Action item: Every line of the listing should be retyped exactly, but none of the pictures should be.

Information provided:
============
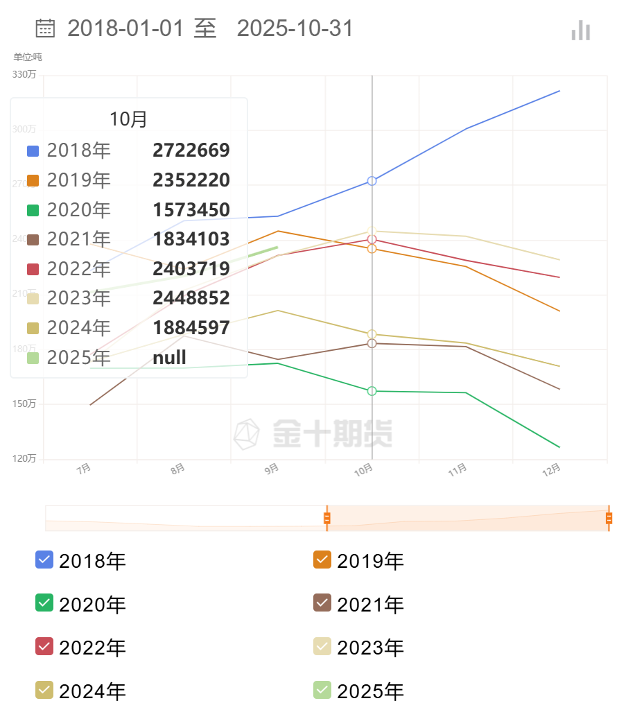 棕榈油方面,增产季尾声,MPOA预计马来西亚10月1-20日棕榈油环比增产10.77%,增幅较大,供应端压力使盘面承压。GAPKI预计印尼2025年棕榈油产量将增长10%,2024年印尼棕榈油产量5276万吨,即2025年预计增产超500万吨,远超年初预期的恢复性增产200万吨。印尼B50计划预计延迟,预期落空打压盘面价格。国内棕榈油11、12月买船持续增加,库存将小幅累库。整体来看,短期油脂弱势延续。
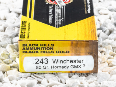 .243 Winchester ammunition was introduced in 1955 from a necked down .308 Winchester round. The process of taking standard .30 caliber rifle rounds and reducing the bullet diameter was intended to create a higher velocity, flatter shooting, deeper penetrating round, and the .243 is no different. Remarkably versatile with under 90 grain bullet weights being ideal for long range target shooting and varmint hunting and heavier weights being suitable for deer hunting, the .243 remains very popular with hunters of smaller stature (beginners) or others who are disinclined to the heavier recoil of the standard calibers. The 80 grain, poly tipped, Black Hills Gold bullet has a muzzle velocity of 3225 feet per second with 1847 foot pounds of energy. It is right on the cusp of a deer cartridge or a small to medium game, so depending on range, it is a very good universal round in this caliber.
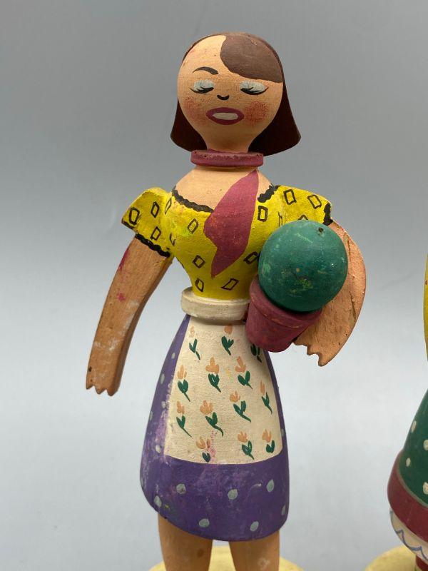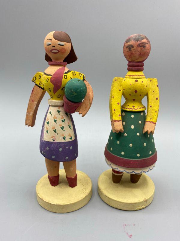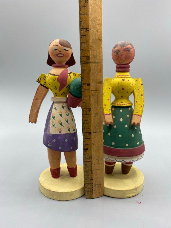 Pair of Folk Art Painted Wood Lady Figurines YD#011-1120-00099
============
Task output:
 棕榈油方面,增产季尾声,MPOA预计马来西亚10月1-20日棕榈油环比增产10.77%,增幅较大,供应端压力使盘面承压。GAPKI预计印尼2025年棕榈油产量将增长10%,2024年印尼棕榈油产量5276万吨,即2025年预计增产超500万吨,远超年初预期的恢复性增产200万吨。印尼B50计划预计延迟,预期落空打压盘面价格。国内棕榈油11、12月买船持续增加,库存将小幅累库。整体来看,短期油脂弱势延续。
 .243 Winchester ammunition was introduced in 1955 from a necked down .308 Winchester round. The process of taking standard .30 caliber rifle rounds and reducing the bullet diameter was intended to create a higher velocity, flatter shooting, deeper penetrating round, and the .243 is no different. Remarkably versatile with under 90 grain bullet weights being ideal for long range target shooting and varmint hunting and heavier weights being suitable for deer hunting, the .243 remains very popular with hunters of smaller stature (beginners) or others who are disinclined to the heavier recoil of the standard calibers. The 80 grain, poly tipped, Black Hills Gold bullet has a muzzle velocity of 3225 feet per second with 1847 foot pounds of energy. It is right on the cusp of a deer cartridge or a small to medium game, so depending on range, it is a very good universal round in this caliber.
 Pair of Folk Art Painted Wood Lady Figurines YD#011-1120-00099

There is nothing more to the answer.